- Required action
All that is needed is the line containing "This is another" and the lines after it to the end of the material, written out exactly, pictures left aside.

- Supplied entries
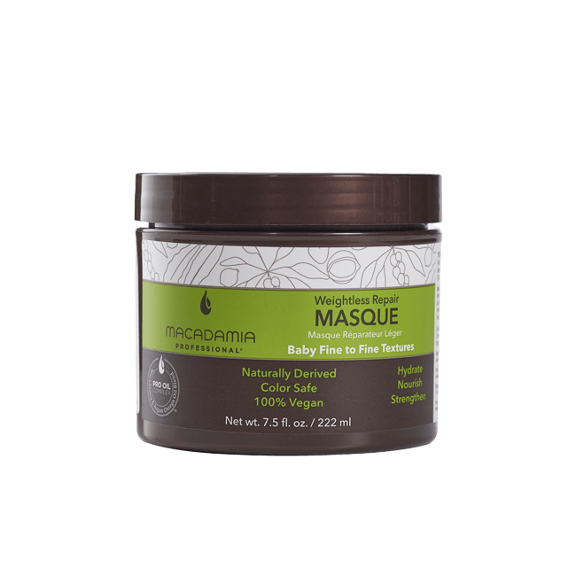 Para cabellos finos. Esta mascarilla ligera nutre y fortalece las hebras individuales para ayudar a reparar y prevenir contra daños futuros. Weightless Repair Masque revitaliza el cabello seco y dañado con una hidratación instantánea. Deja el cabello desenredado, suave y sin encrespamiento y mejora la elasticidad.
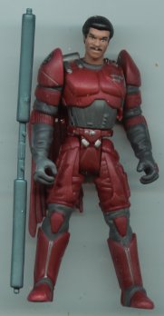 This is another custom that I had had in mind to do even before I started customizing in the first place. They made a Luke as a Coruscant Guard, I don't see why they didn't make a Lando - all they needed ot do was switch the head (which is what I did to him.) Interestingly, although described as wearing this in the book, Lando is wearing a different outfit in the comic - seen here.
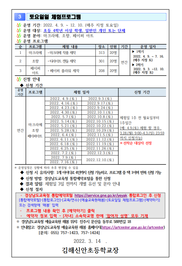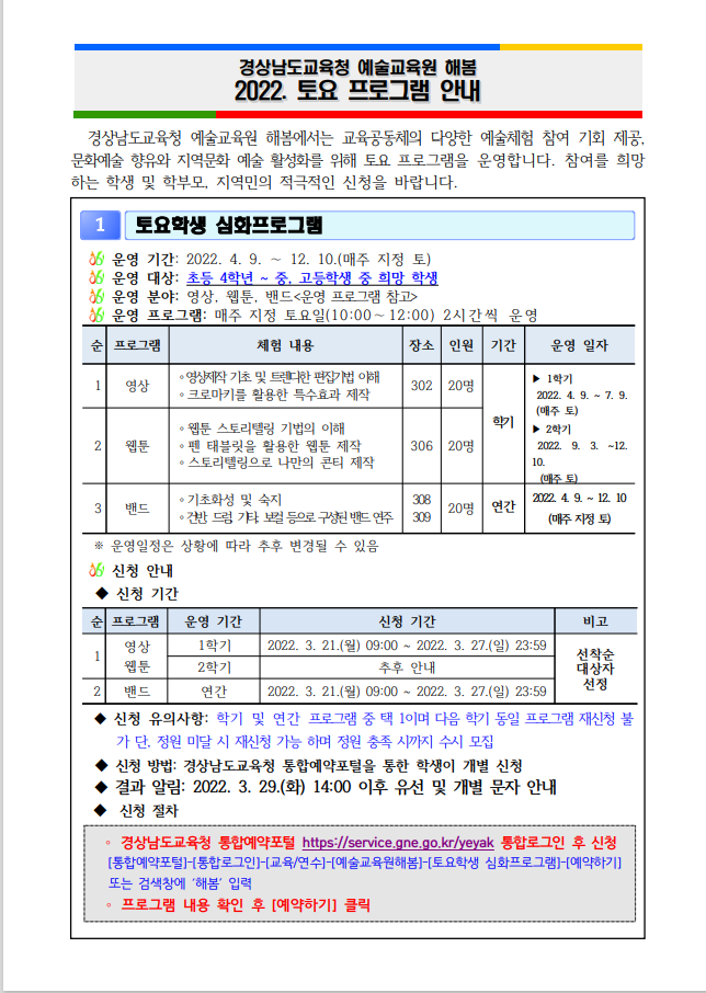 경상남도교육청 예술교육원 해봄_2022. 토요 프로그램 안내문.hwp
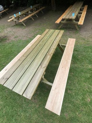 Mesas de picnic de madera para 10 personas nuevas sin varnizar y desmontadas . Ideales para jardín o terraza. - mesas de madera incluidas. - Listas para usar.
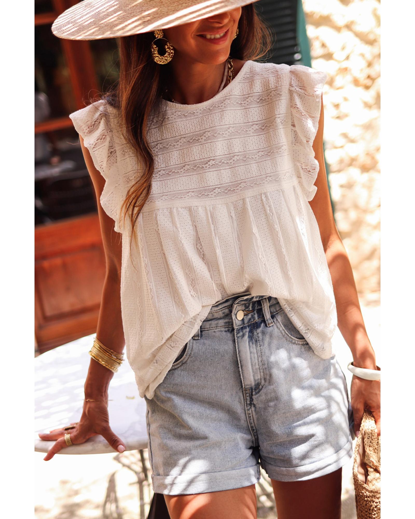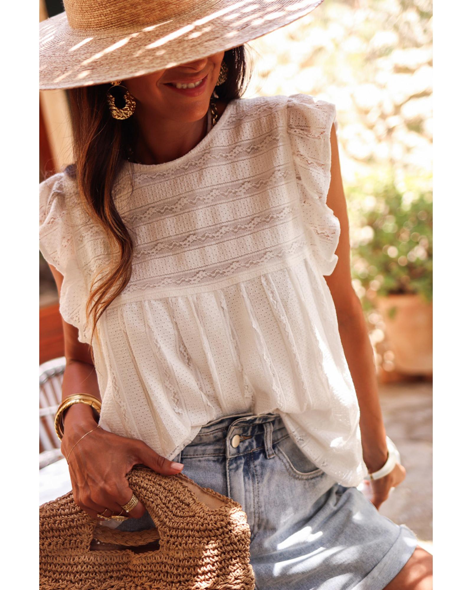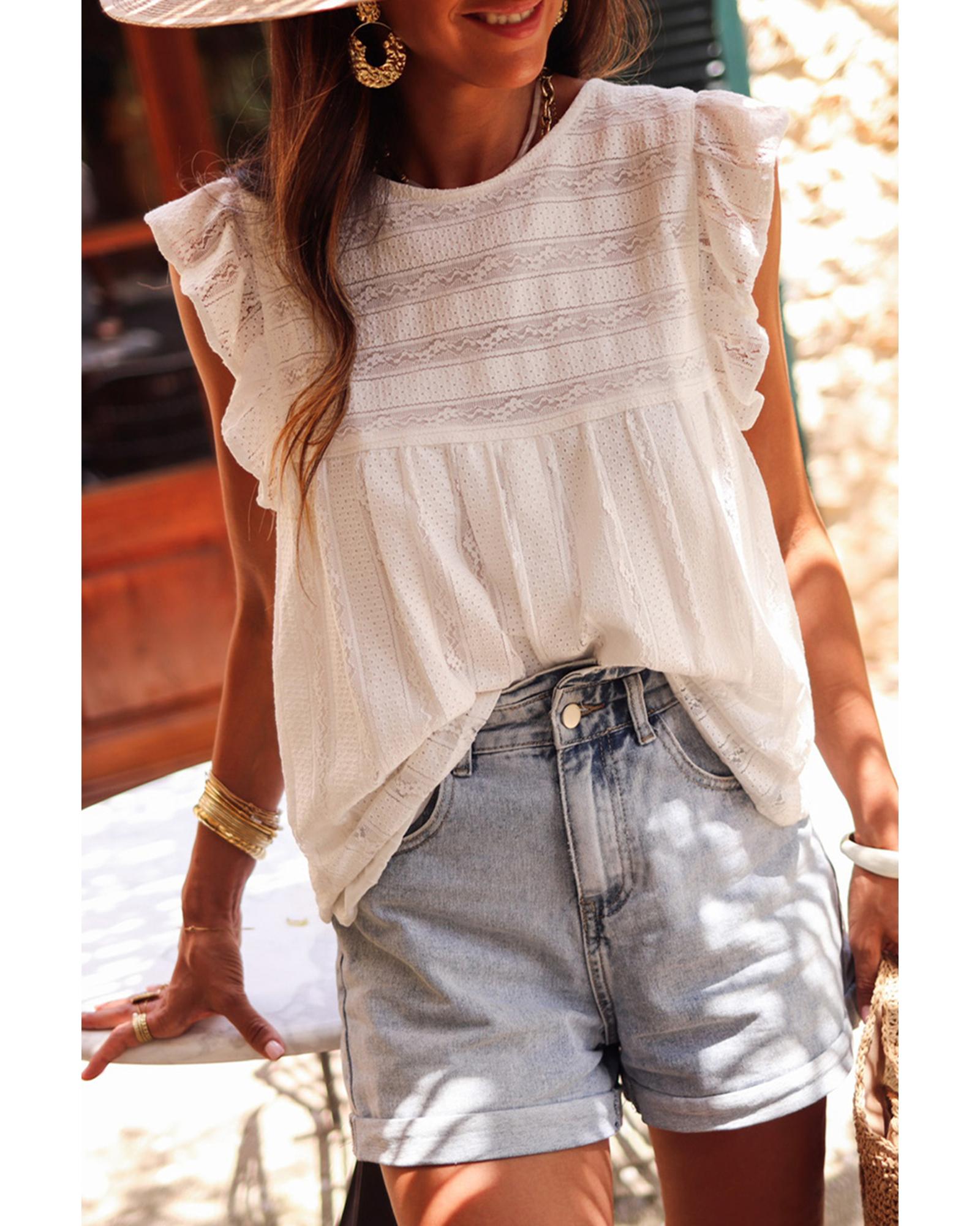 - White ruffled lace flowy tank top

- Result of the task
 This is another custom that I had had in mind to do even before I started customizing in the first place. They made a Luke as a Coruscant Guard, I don't see why they didn't make a Lando - all they needed ot do was switch the head (which is what I did to him.) Interestingly, although described as wearing this in the book, Lando is wearing a different outfit in the comic - seen here.
 경상남도교육청 예술교육원 해봄_2022. 토요 프로그램 안내문.hwp
 Mesas de picnic de madera para 10 personas nuevas sin varnizar y desmontadas . Ideales para jardín o terraza. - mesas de madera incluidas. - Listas para usar.
 - White ruffled lace flowy tank top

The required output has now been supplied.